[EXERCISE DIRECTIONS]:
Exact copy, pictures excluded: reproduce every record below.

━━━━━ MATERIALS PROVIDED ━━━━━

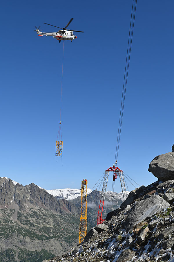 O terreno extremo e o difícil acesso ao local da construção exigiram um helicóptero para instalar os equipamentos, alugados pela Mellet Billion Travaux en Montagne (MBTM) do distribuidor Potain Valente Grue Assistance.
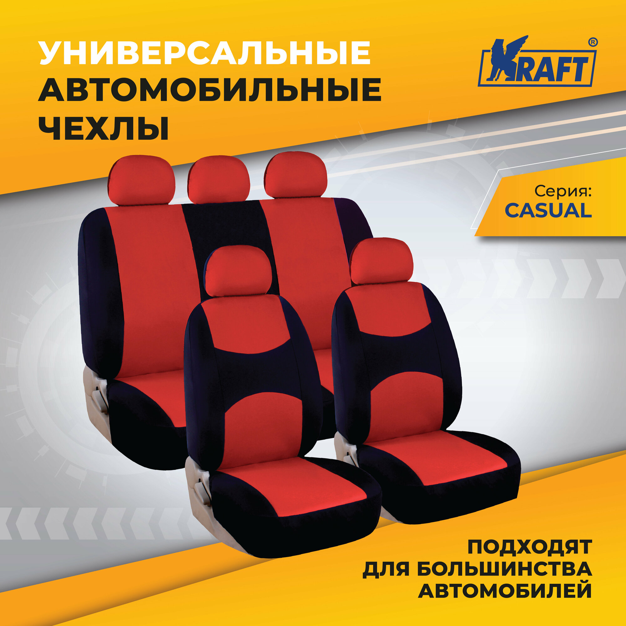 Чехлы универсальные на автомобильные сиденья, комплект CASUAL, полиэстер, черно-красные KRAFT KT835610 Kraft арт. KT835610
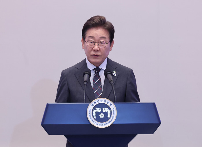 President Lee Jae Myung speaks during a luncheon meeting for people of national merits, war veterans, bereaved families and representatives of veterans' organizations at the former presidential office, Cheong Wa Dae, in Seoul on June 27, 2025. (Yonhap)
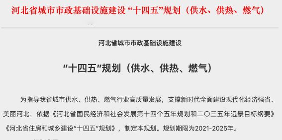 近期,河北省住房和城乡建设厅发布《河北省城市市政基础设施建设“十四五”规划(供水、供热、燃气)》。《规划》期限为2021-2025年,预计全省城市热源供热能力增加约1.5亿平方米,新建供热管网(含一次网、二次网)约2020公里,改造供热老旧管网约620公里。到“十四五”期末,集中供热和清洁能源供热面积预计增加10%。全省新增天然气供气量约30亿立方米,改造燃气老旧管网约120公里,新建城区天然气管网约2885公里。
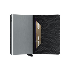 The Slimwallet is a modern take on the classic billfold. Its extra slim profile, without a button or magnet closure system, fits perfectly into every pocket. The generously cut leather holds at least six additional cards, banknotes and business cards.
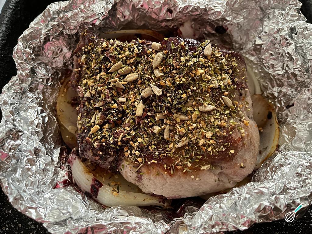 Corte o papel alumínio e coloque em uma assadeira junto com as cebolas, faça uma cama para colocar a carne sobre elas. Polvilhe a mistura de especiarias com sementes e adicione a redução de vinho nas laterais. Com outra folha de alumínio, envolva a carne e leve ao forno por cerca de 40 minutos no forno pré-aquecido a 200ºC.
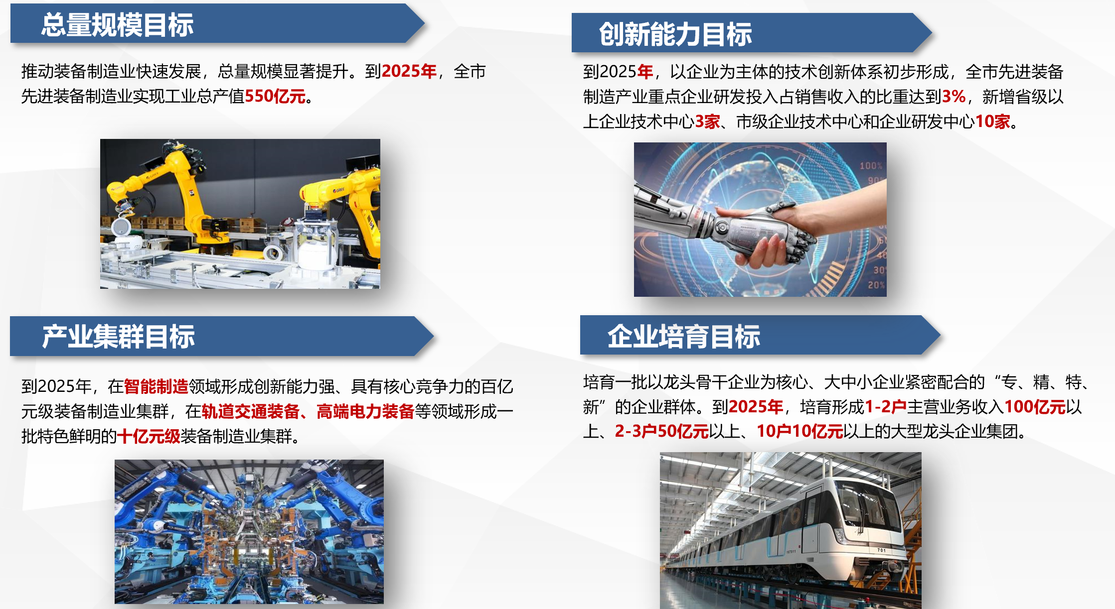 《北京市裝備制造產業振興規劃》、《北京亦莊機器人產業創新示范區產業發展規劃》、《昆明市先進裝備制造業發展規劃(2016-2020年)》《河北省遵化市應急裝備特色產業集群發展規劃(2019年—2025年)》、《北京市軌道交通產業發展規劃》
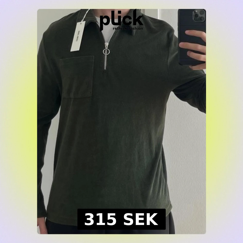 Brothers frotté mörk grön half zip. Storlek S.
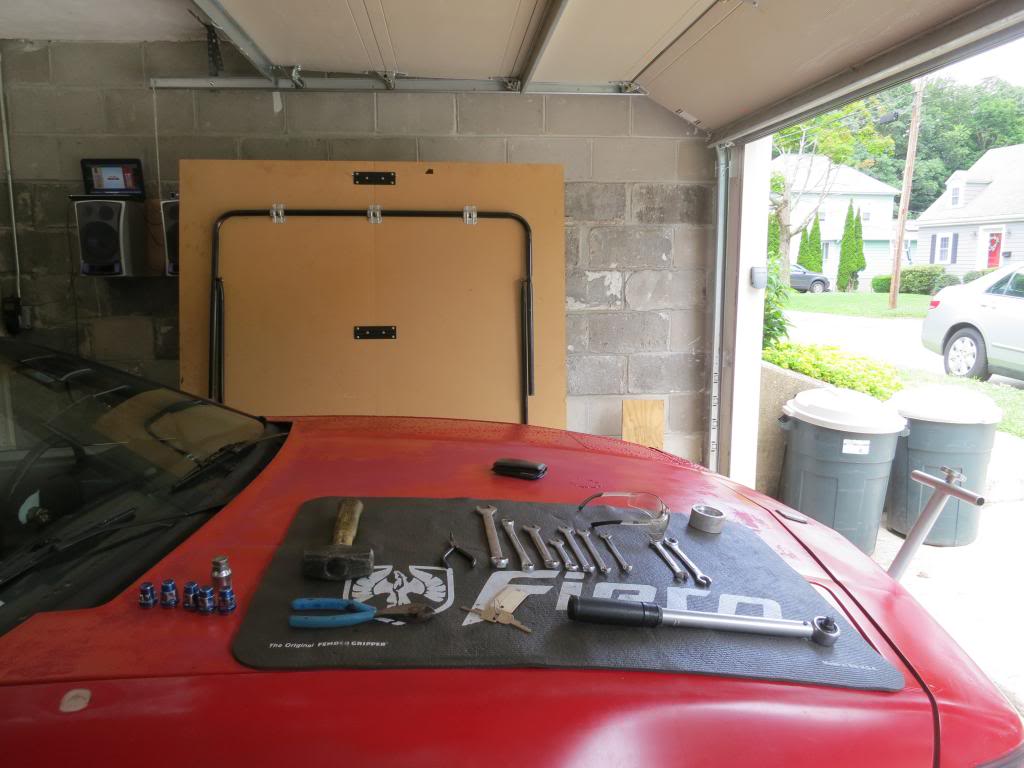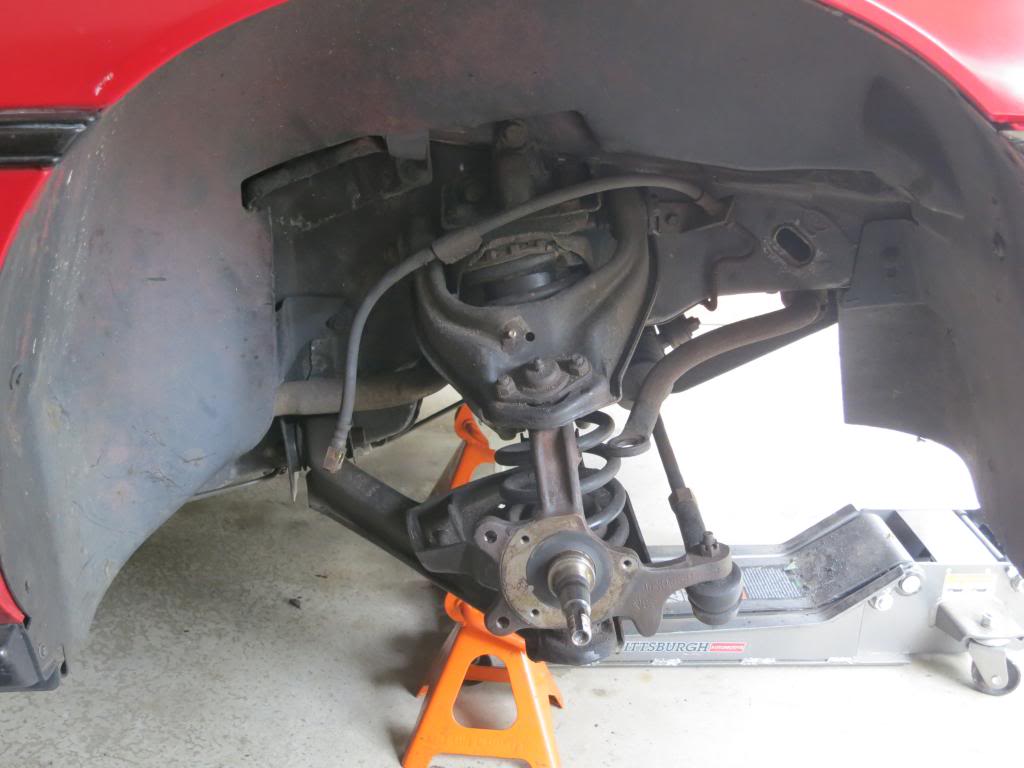 Well with the new tires with stiffer smaller sidewalls my car was scary on the highway with the poor alignment, I slotted the upper control arms to slide the ball joints back to put the wheels in negative camber vs positive camber they were in... Also I painted my swaybar and reinstalled it.
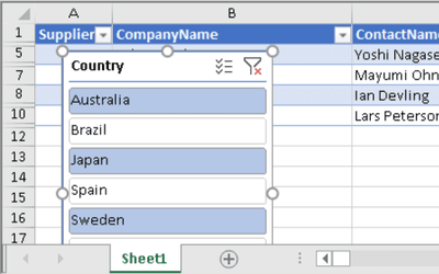 Spread supports using slicers, which are visual filters that enable users to perform quick filtration of data in tables without using drop-down lists.
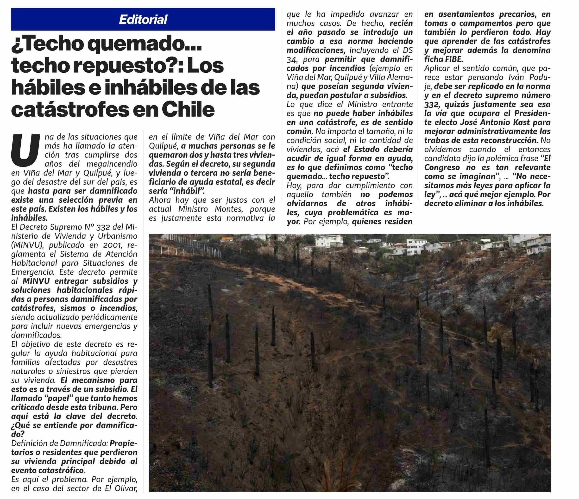 EDITORIAL: ¿Techo quemado... techo repuesto?: Los hábiles e inhábiles de las catástrofes en Chile 03-02-2026 Puranoticia.cl |

━━━━━

[RESULT FOR THIS TASK]:
 O terreno extremo e o difícil acesso ao local da construção exigiram um helicóptero para instalar os equipamentos, alugados pela Mellet Billion Travaux en Montagne (MBTM) do distribuidor Potain Valente Grue Assistance.
 Чехлы универсальные на автомобильные сиденья, комплект CASUAL, полиэстер, черно-красные KRAFT KT835610 Kraft арт. KT835610
 President Lee Jae Myung speaks during a luncheon meeting for people of national merits, war veterans, bereaved families and representatives of veterans' organizations at the former presidential office, Cheong Wa Dae, in Seoul on June 27, 2025. (Yonhap)
 近期,河北省住房和城乡建设厅发布《河北省城市市政基础设施建设“十四五”规划(供水、供热、燃气)》。《规划》期限为2021-2025年,预计全省城市热源供热能力增加约1.5亿平方米,新建供热管网(含一次网、二次网)约2020公里,改造供热老旧管网约620公里。到“十四五”期末,集中供热和清洁能源供热面积预计增加10%。全省新增天然气供气量约30亿立方米,改造燃气老旧管网约120公里,新建城区天然气管网约2885公里。
 The Slimwallet is a modern take on the classic billfold. Its extra slim profile, without a button or magnet closure system, fits perfectly into every pocket. The generously cut leather holds at least six additional cards, banknotes and business cards.
 Corte o papel alumínio e coloque em uma assadeira junto com as cebolas, faça uma cama para colocar a carne sobre elas. Polvilhe a mistura de especiarias com sementes e adicione a redução de vinho nas laterais. Com outra folha de alumínio, envolva a carne e leve ao forno por cerca de 40 minutos no forno pré-aquecido a 200ºC.
 《北京市裝備制造產業振興規劃》、《北京亦莊機器人產業創新示范區產業發展規劃》、《昆明市先進裝備制造業發展規劃(2016-2020年)》《河北省遵化市應急裝備特色產業集群發展規劃(2019年—2025年)》、《北京市軌道交通產業發展規劃》
 Brothers frotté mörk grön half zip. Storlek S.
 Well with the new tires with stiffer smaller sidewalls my car was scary on the highway with the poor alignment, I slotted the upper control arms to slide the ball joints back to put the wheels in negative camber vs positive camber they were in... Also I painted my swaybar and reinstalled it.
 Spread supports using slicers, which are visual filters that enable users to perform quick filtration of data in tables without using drop-down lists.
 EDITORIAL: ¿Techo quemado... techo repuesto?: Los hábiles e inhábiles de las catástrofes en Chile 03-02-2026 Puranoticia.cl |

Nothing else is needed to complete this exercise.